Content starts
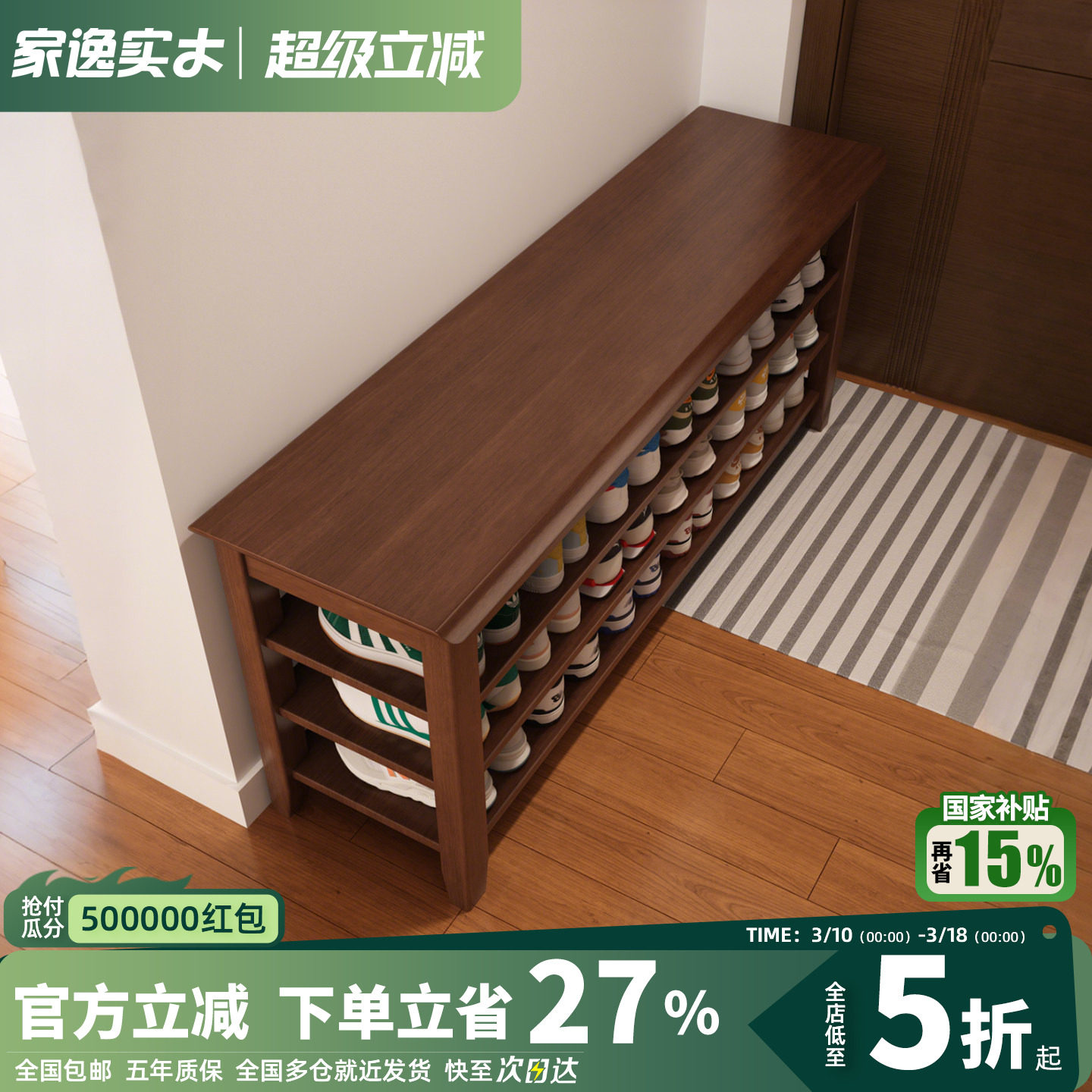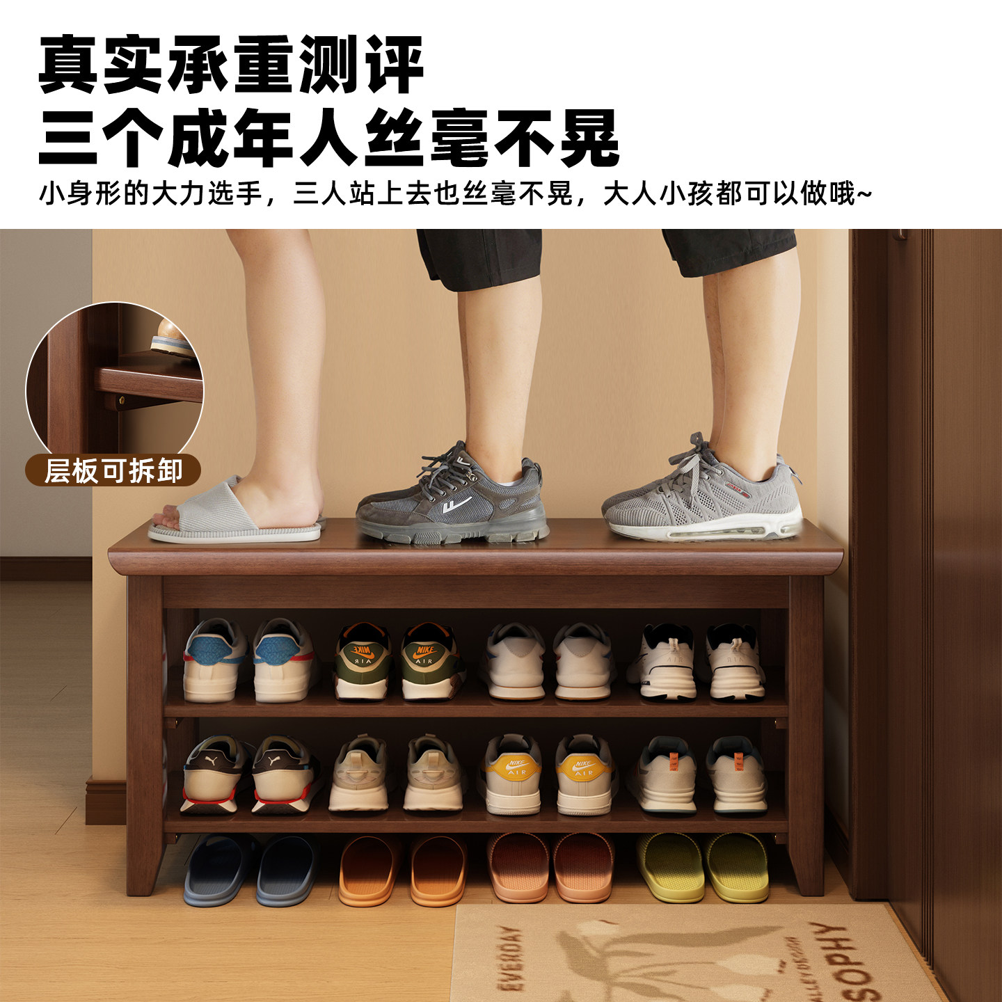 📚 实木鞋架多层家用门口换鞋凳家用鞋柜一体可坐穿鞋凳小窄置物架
Content ends
Content starts
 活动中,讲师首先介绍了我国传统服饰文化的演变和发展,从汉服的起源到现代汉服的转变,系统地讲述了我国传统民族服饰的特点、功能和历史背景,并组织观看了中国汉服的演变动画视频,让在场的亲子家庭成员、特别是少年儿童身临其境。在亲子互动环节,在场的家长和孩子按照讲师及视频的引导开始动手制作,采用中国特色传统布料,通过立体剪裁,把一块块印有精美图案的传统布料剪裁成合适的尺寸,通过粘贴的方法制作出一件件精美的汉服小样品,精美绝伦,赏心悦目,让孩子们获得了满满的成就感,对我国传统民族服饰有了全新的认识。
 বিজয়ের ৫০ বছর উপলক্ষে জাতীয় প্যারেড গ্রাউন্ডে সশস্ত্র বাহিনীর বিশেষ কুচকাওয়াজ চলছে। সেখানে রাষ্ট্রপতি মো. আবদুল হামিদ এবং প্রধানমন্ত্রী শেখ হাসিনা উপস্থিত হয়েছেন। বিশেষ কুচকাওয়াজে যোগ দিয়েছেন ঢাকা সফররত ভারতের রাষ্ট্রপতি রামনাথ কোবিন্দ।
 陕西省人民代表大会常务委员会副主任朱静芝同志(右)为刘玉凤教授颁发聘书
Content ends
#### Exercise:
What you return must be the lines above that run from the line with "活动中,讲师首先介绍了我国传" to the line with "陕西省人民代表大会常务委员会副主任朱静芝同志(右)为刘玉凤教授颁发聘书", inclusive, each copied exactly.

#### Answer to this exercise:
 活动中,讲师首先介绍了我国传统服饰文化的演变和发展,从汉服的起源到现代汉服的转变,系统地讲述了我国传统民族服饰的特点、功能和历史背景,并组织观看了中国汉服的演变动画视频,让在场的亲子家庭成员、特别是少年儿童身临其境。在亲子互动环节,在场的家长和孩子按照讲师及视频的引导开始动手制作,采用中国特色传统布料,通过立体剪裁,把一块块印有精美图案的传统布料剪裁成合适的尺寸,通过粘贴的方法制作出一件件精美的汉服小样品,精美绝伦,赏心悦目,让孩子们获得了满满的成就感,对我国传统民族服饰有了全新的认识。
 বিজয়ের ৫০ বছর উপলক্ষে জাতীয় প্যারেড গ্রাউন্ডে সশস্ত্র বাহিনীর বিশেষ কুচকাওয়াজ চলছে। সেখানে রাষ্ট্রপতি মো. আবদুল হামিদ এবং প্রধানমন্ত্রী শেখ হাসিনা উপস্থিত হয়েছেন। বিশেষ কুচকাওয়াজে যোগ দিয়েছেন ঢাকা সফররত ভারতের রাষ্ট্রপতি রামনাথ কোবিন্দ।
 陕西省人民代表大会常务委员会副主任朱静芝同志(右)为刘玉凤教授颁发聘书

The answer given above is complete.